Prayers are being answered! The vet has upgraded his estimate to 75/25 for survival. This morning‘s blood test show kidney levels have returned to normal. But the white count has gone way up. Paco is still not out of the woods. He isn’t drinking or eating yet, and the vet hasn’t seen any stool since the big blowout on Monday night. But I’ll take what I can get. Just keep praying for Paco. Thanks!


----------



## PhoebeDuck (6 mo ago)

VegasGeorge said:


> Prayers are being answered! The vet has upgraded his estimate to 75/25 for survival. This morning‘s blood test show kidney levels have returned to normal. But the white count has gone way up. Paco is still not out of the woods. He isn’t drinking or eating yet, and the vet hasn’t seen any stool since the big blowout on Monday night. But I’ll take what I can get. Just keep praying for Paco. Thanks!
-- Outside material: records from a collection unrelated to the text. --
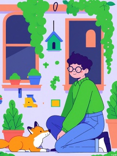 SLCH, A young man with curly auburn hair wearing a mint-green sweater and denim overalls kneels beside a fox cub wearing tiny glasses. They paint a wooden birdhouse together in a sunlit studio filled with clay pots and hanging ivy.
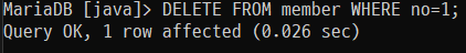DELETE FROM member WHERE no=1;
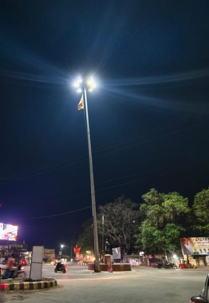 - खतरनाक झुकाव: हाई मास्क लाइट का खंभा एक तरफ झुककर दुर्घटना को दे रहा न्योता।
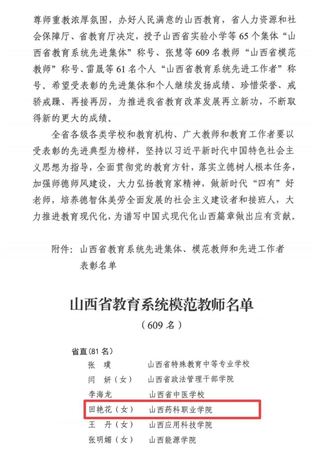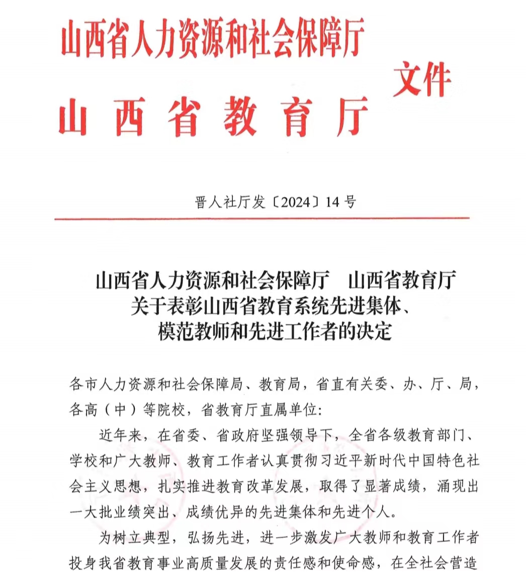 近日,山西省人力资源和社会保障厅、山西省教育厅联合下发《关于表彰山西省教育系统先进集体、模范教师和先进工作者的决定》(晋人社厅发[2024]14号),beat365官网田艳花老师荣获“山西省教育系统模范教师”称号。
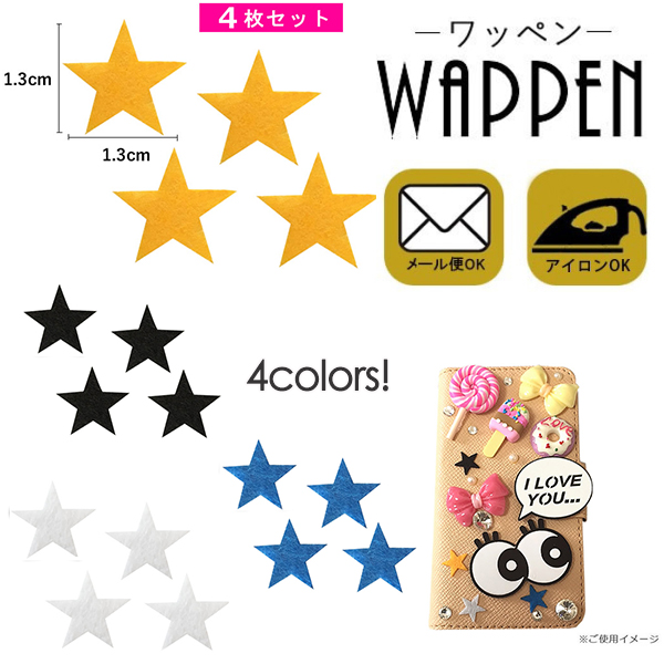 ワッペン 星4枚セット アップリケ 刺繍ワッペン アイロン接着 縦1.3cm×横1.3cm スター フェルト アイロンワッペン母の日 プレゼント ギフト
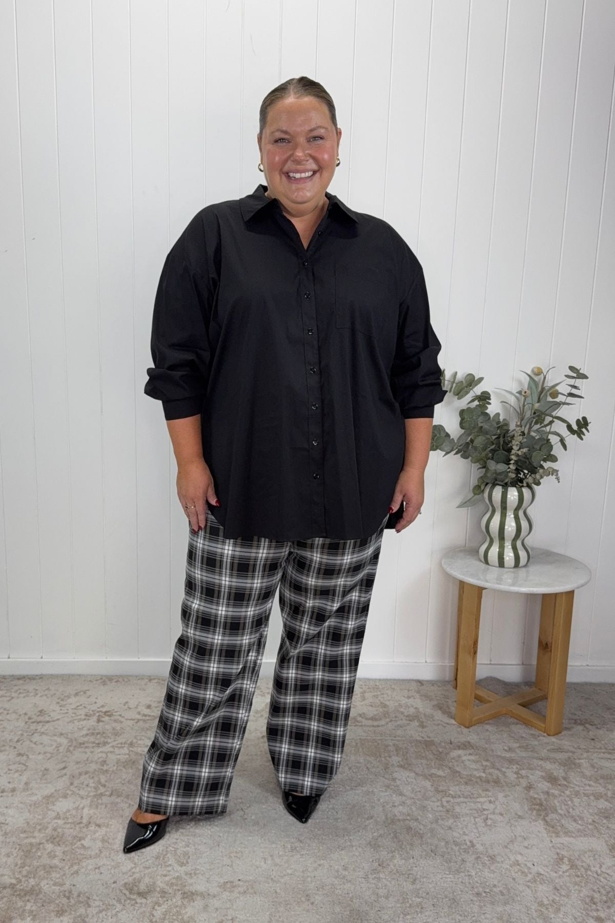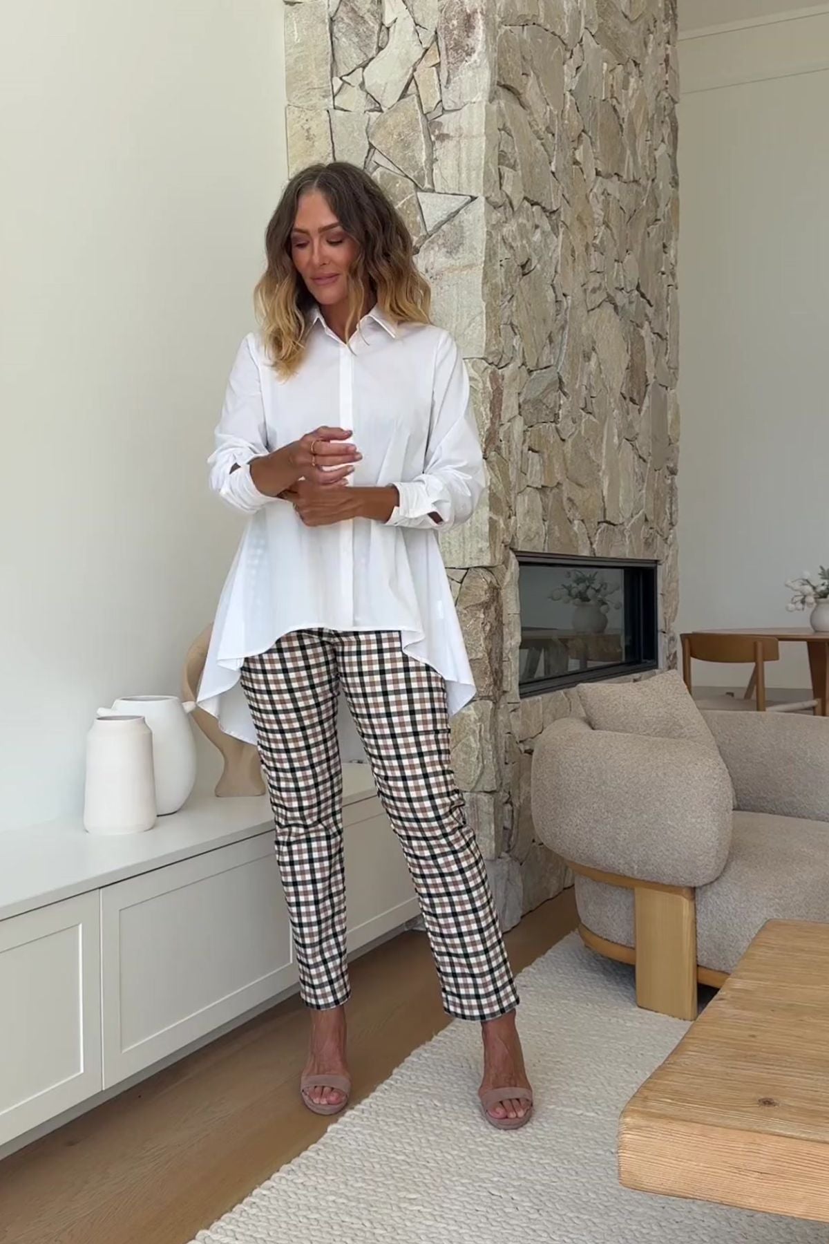 AILSA CITY STRETCH COTTON HI LO SHIRT + PROVO CHECK BENGALINE PANT
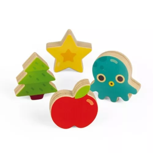 Een vleugje memorie en een vleugje geluk, dat is dit vormenspel ‘Memory Touch Recognition Game’ van het Franse merk Janod.

Any improvement is welcome!!! Hoping for the best for Señor Paco!!


----------



## BennieJets (Oct 10, 2021)

Continuing to send up the best of prayers for Paco. I’m very glad to read the shift in prognosis. Will keep checking in to see how your boy is.


----------



## fjm (Jun 4, 2010)

So glad to hear that he is improving. Hold on there, Paco.


----------



## Puppy Love (Aug 10, 2015)

That’s welcome news to be sure. I think we’ve all been thinking about Paco and waiting for an update. Thank you for letting us know. Continuing to pray for Paco, and family.


----------



## PeggyTheParti (Sep 5, 2019)

I’ve been telling Peggy about Paco. We are both thinking of him.


----------



## Streetcar (Apr 13, 2014)

This is very hopeful news; prayer continues with thanks given for improvement 🌻.


----------



## Happy'sDad (Jul 4, 2020)

Welcomed news.


----------



## Liz (Oct 2, 2010)

Such a happy update. Thinking of you both.


----------



## Kukla the Tpoo (11 mo ago)

I am relieved to hear that Paco has improved somewhat. I'm keeping you and Paco in my thoughts and prayers.


----------



## Miki (Dec 25, 2021)

Sending pawsitive heartfelt thoughts for Paco and you, and trying not to rage at the negligence of the boarding facility. ❤🐩❤


----------



## Looniesense (Jul 10, 2021)

My thoughts are with you and Paco, hoping all turns out well.


----------



## cowpony (Dec 30, 2009)

This is just heartbreaking. Wishing for a speedy recovery.


----------



## 94Magna_Tom (Feb 23, 2021)

Hang on Paco! I'm rooting for you to become a Poodle Forum regular here! Prayers headed your way! 🙏


----------



## Rose n Poos (Sep 22, 2017)

Keeping you all close 🙏


----------



## Apricot mini momma (Dec 22, 2020)

More hearts and hugs to Paco, wishing you all the best recovery possible first and foremost. I can’t imagine the hurt you are feeling.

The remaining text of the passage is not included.